Typically, this dish is breaded and fried, which wouldn't be doing us any favors when it comes to buttoning our jeans. Sun Basket puts an extra healthy spin on the recipe by swapping the traditional flour and breading for a crust made with whole wheat panko and chopped walnuts. The chicken is cooked first on the stove and finished in the oven, so that it has that perfect crunch without getting dried out. Aside from being delicious, this recipe is packed with health benefits thanks to the walnuts in the crust. Did you know walnuts benefit brain & heart health, fight depression, and support weight loss? Plus they're a great source of omega-3's, vitamins, minerals and antioxidants. Let's get cookin, shall we?

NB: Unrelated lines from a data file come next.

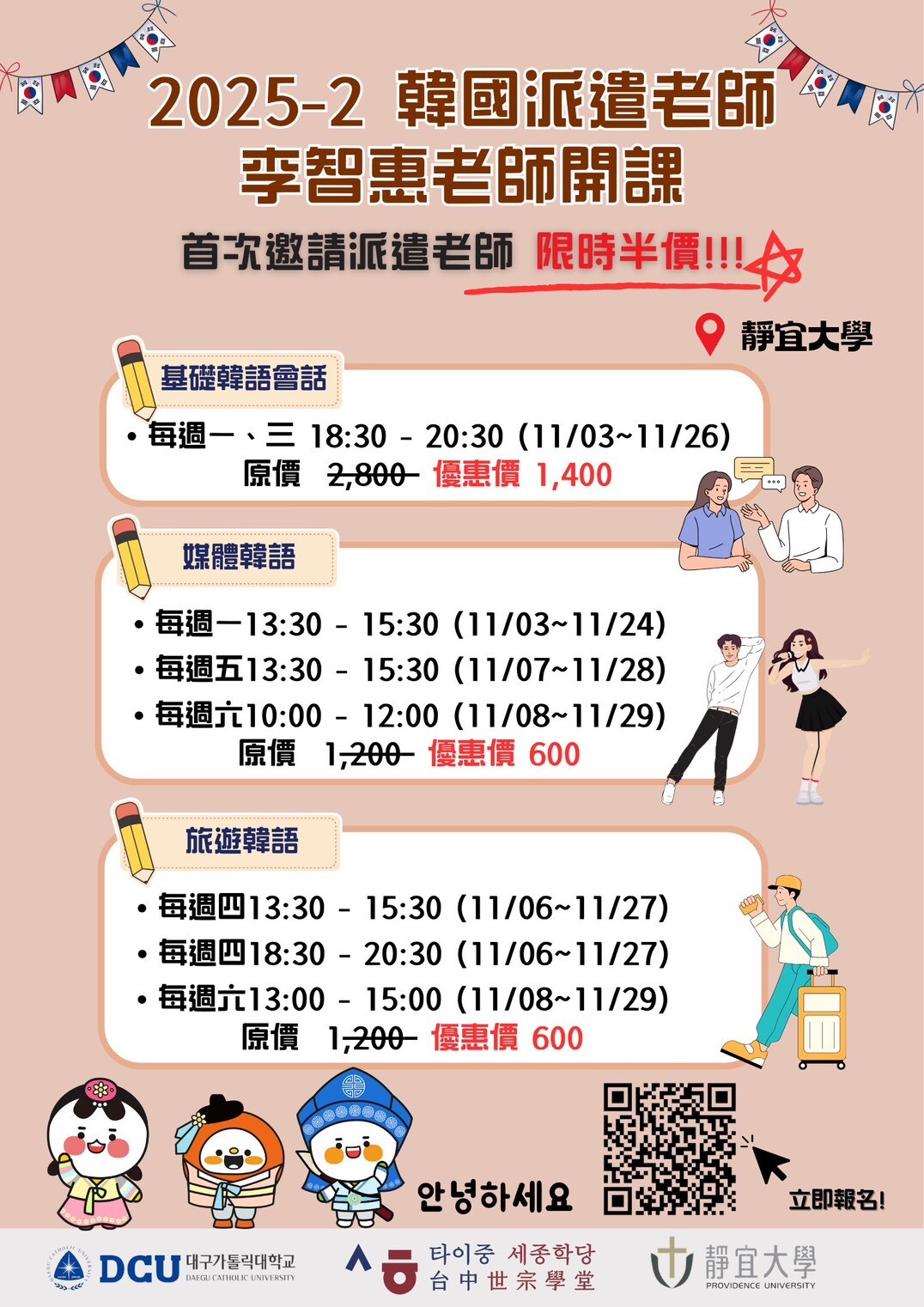 【台中世宗學堂】 韓國派遣李智惠老師課程 限時半價!!
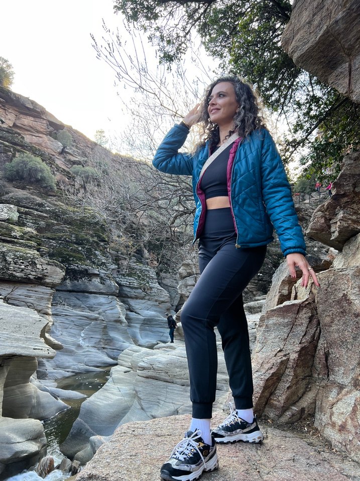 Mavi ve puf detaya sahip uzun kollu, sokak stilinden esinlenen, normal boyda spor mont
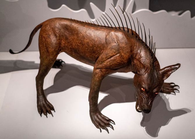 It is a reptile-like animal with greenish-gray skin, sharp spines, and spines on its back. Its height is 90 – 120 cm, and it moves on its hind legs, similar to a kangaroo. Its mouth is similar to that of a dog or cat, and a forked tongue protrudes from its mouth. It gives off a sulfur smell that is pungent and unpleasant. The second version is an animal from the canine family, without hair, with a mane on its back. There is also writing about kangaroos with wings.
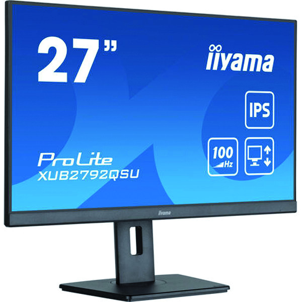 iiyama 27 '' (68.5 cm) Monitor mit WQHD-Auflösung, IPS-Panel-Technologie, 100Hz Bildwiederholrate und einem 150 mm höhenverstellbaren Standfuß [Energieklasse F] (XUB2792QSU-B6)
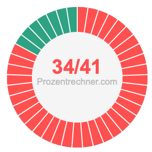 Was ist 34/41 in Prozent? Wie viel ist 34/41 in Prozent? Wie viel Prozent sind 34/41? Hier erklären und zeigen wir Ihnen, wie Sie 34/41 in Prozent berechnen und umrechnen können.
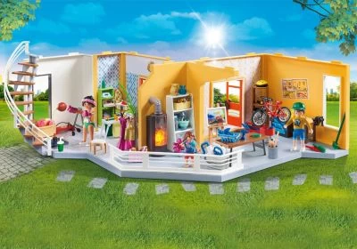 Hier kommt eine zusätzliche und unverzichtbare Etage für das Wohnhaus! Noch mehr Platz für die Playmobil-Familie und die verschiedenen Aktivitäten bietet diese umfassende PLAYMOBIL® Etagenerweiterung Wohnhaus (70986). Der Fitness-Raum wird die Familie mit Sicherheit begeistern. Hier können sich alle an einem Stepper und an dem Box-Gerät austoben. Für eine Fahrrad-Reparatur steht ein Montageständer bereit auf dem das Fahrrad überprüft und repariert werden kann. Und wenn der Kamin gemütlich flackert, macht das Malen an der Staffelei oder das Arbeiten an der Werkbank besonders Spaß und die kreativen Ideen fließen von ganz allein. Wer macht heute die Wäsche? Nebenan, im Hauswirtschaftsraum, steht eine Waschmaschine bereit und alle Utensilien, um für frische Wäsche zu sorgen, wie ein Bügelbrett mit Bügeleisen, Waschmittel, Sprühflaschen und ein Körbchen mit Wäscheklammern und Wäscheständer. In dem Set enthalten sind eine umfassende Etagenerweiterung mit Treppe als Anbindung an das moderne Wohnhaus (9266), drei Spielefiguren und allerhand Einrichtungsgegenstände für die einzelnen Räume. Mit den enthaltenen Tapetenvorlagen können die Räume des Hauses individuell dekoriert werden und über den QR-Code in der Bauanleitung können weitere Tapetenvorlagen gestaltet und ausgedruckt werden.
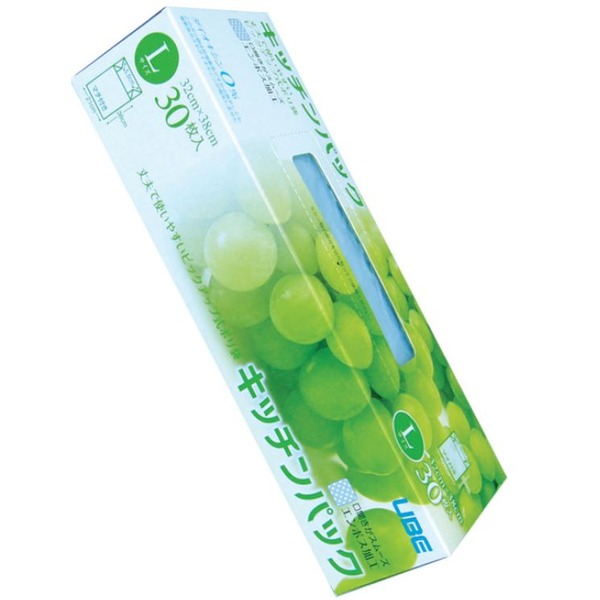 ●□1枚のサイズ・縦38×横21×マチ11cm 厚さ0.01mm □箱のサイズ(約)・22×8×高さ5cm □耐冷温度・マイナス30度 □原料樹脂・ポリエチレン □品名・キッチンパック L 30P □用途・袋 食べ物の保存 □キーワード・ぽりぶくろ ビニール袋 びにーるぶくろ ふくろ 包装 収納 大きいサイズ □シリーズ名・キッチンパック □メーカー名・宇部フィルム株式会社 □入数・30枚
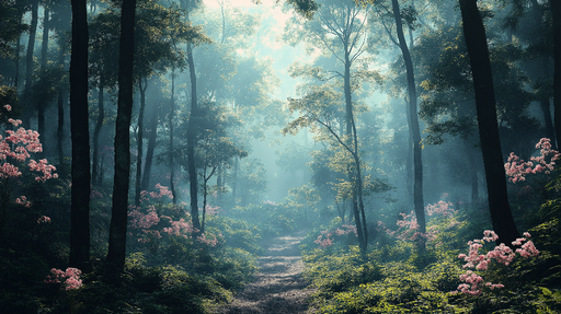 Ver todos os detalhesPapel de parede mural para floresta nebulosa | Caminho serpenteando por uma floresta mágica com flores cor de rosa
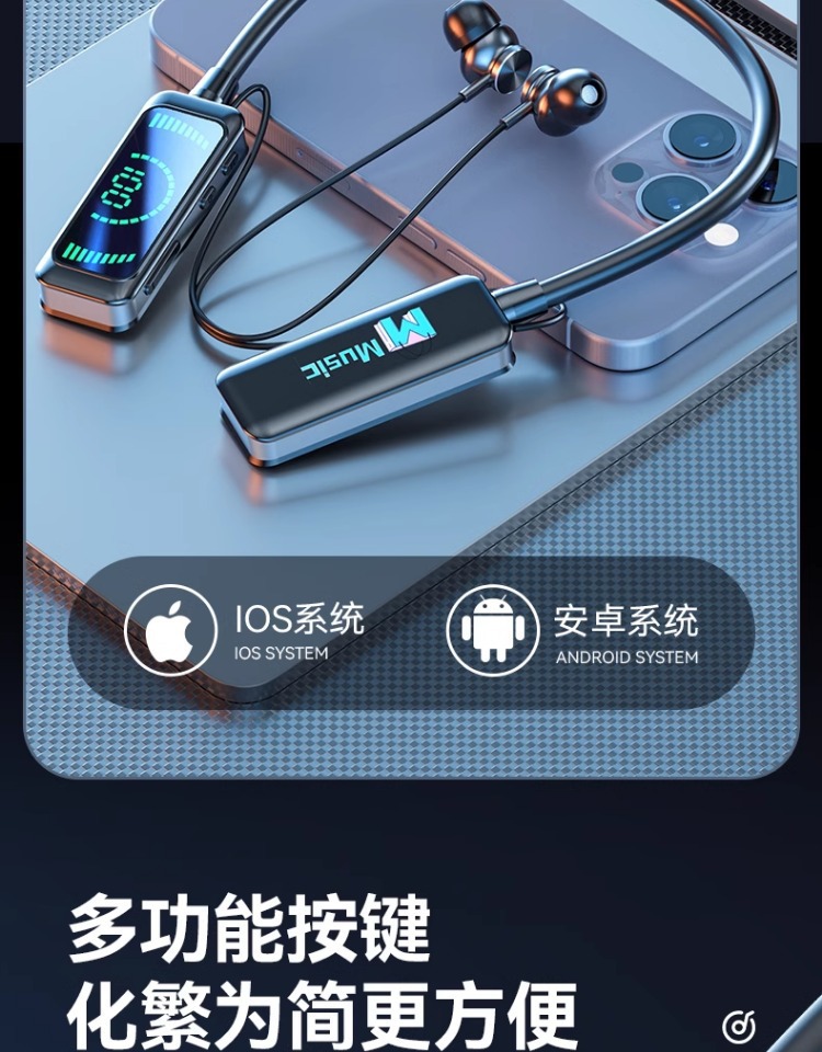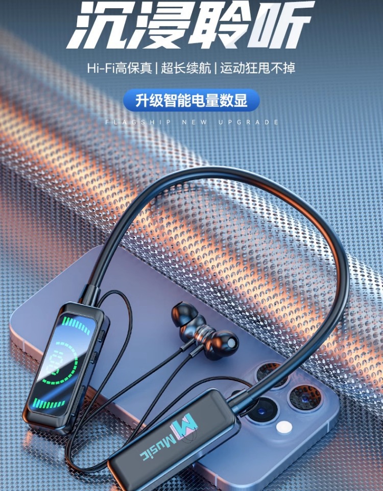 Douyin의 인기 있는 목 장착형 Bluetooth 헤드셋, 무선 목 장착형 이어폰, 소음 감소, 매우 긴 배터리 수명, 스포츠 및 달리기, 남성 및 여성
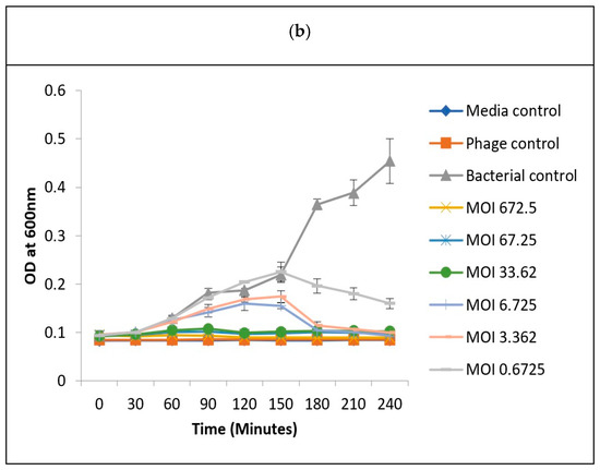 2.8. In Vitro Determination of Optimum Multiplicity of Infection (MOI) for Determining Phage Infectivity Potential
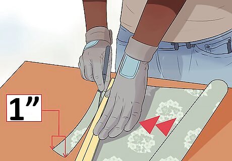 Cut your wallpaper. On the table, cut your wall covering about 1 inch (2.5 cm) above your designated “top” ensuring you do not cut a crooked line or wavy line that extends down into the pattern where your “top” is. This will give you excess while hanging and this will be trimmed away on the wall. Take a razor blade and cut the roll about 1 or 2 inches (2.5 or 5.1 cm) beyond the total length measurement. This excess will be cut off on the wall. There is a little more leeway with the bottom excess. When in doubt, add a bit more to the bottom than to the top. Use a yardstick to help make your cuts smooth and even, and to prevent cutting at an angle.
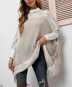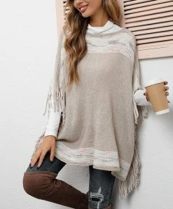 Cozy up on cool weather days in the roomy design of this poncho sweater boasting acrylic-blend fabric and a boho-inspired fringe accent.
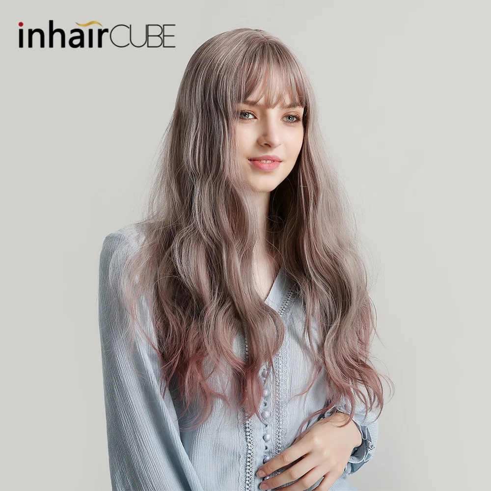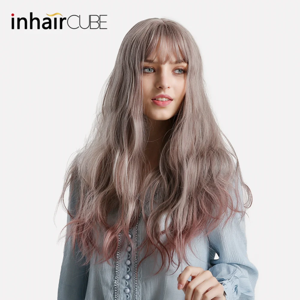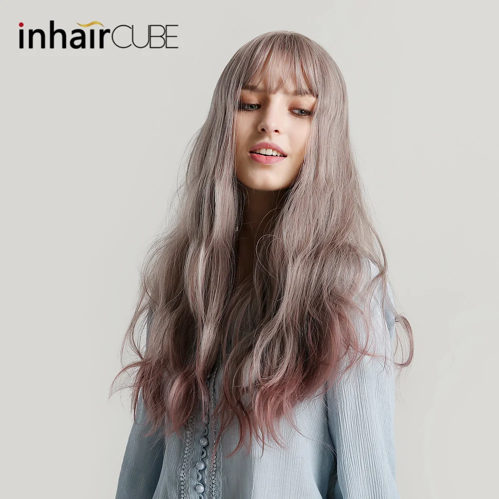 Hot Sale Inhaircube Lolita Wig with Bangs Ombre Grey Purple Long Water Wave Womens Synthetic Hair Half Wigs
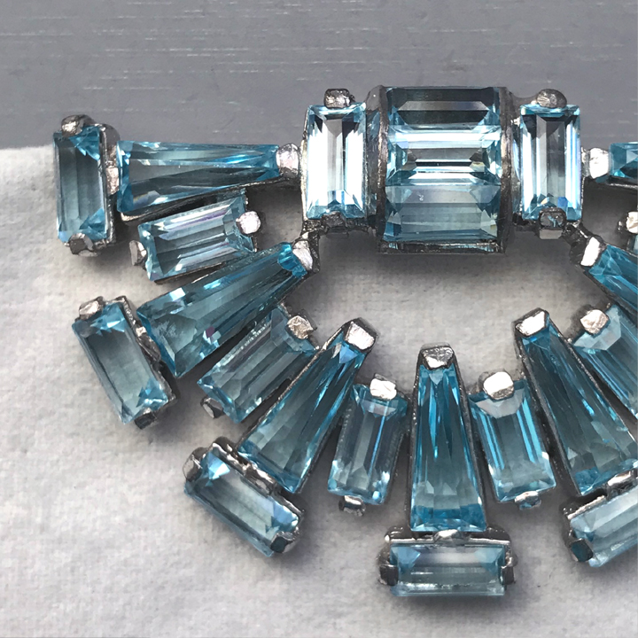 DEROSA fur clip with a large brilliant blue unfoiled center rhinestone and
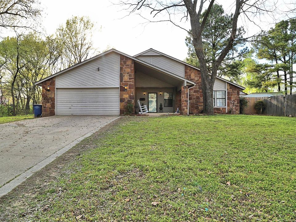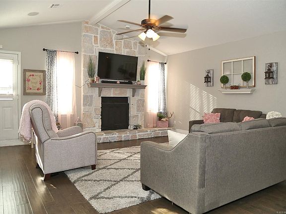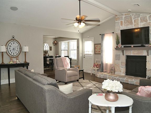Updated with warm farmhouse style! Beautiful hardwood floors throughout. Vaulted ceiling in den w/ stone fireplace. Granite in spacious kitchen w/bar area. large master and en-suite, his and her walk-ins, double vanities. Split floor plan, granite in hall bath. 4th bedroom could be flex room/office with walk-in closet. Great backyard with pool and deck plus hot tub! New roof 2016!

2 organic boneless skinless chicken breasts
¼ cup walnuts, chopped
1 tbsp chopped shallot
1 pasture-raised organic egg
1 tablespoon Dijon mustard
½ cup whole wheat panko breadcrumbs*
1/8 teaspoon cayenne pepper (optional)
Zest of 1 lemon
2 tbsp extra virgin olive oil
Salt & pepper to taste
1. Preheat oven to 400 degrees.
2. Zest the lemon, and then cut the lemon into slices. Set aside.
3. Prepare two shallow bowls to make a crust for your chicken. In the first bowl, whisk together
an egg with the dijon mustard. In the second bowl, combine the whole wheat panko,
chopped walnuts, chopped shallot, lemon zest, and as much or as little cayenne
as you'd like. Season with salt and pepper and mix well.
4. Dip the chicken into the egg mixture, then into the walnut mixture, pressing to coat on all sides.
5. Warm 2 tbsp olive oil in a pan over medium heat. Add the prepared chicken and cook until
golden brown, 2 to 3 minutes. Flip the chicken over, transfer the pan to the oven, and
roast until the chicken is cooked through, about 8 to 10 minutes.
6. Serve with sliced lemon on the side. Enjoy!
*Note: feel free to swap whole wheat panko breadcrumbs for gluten-free panko.
To make this Paleo, swap panko for almond flour.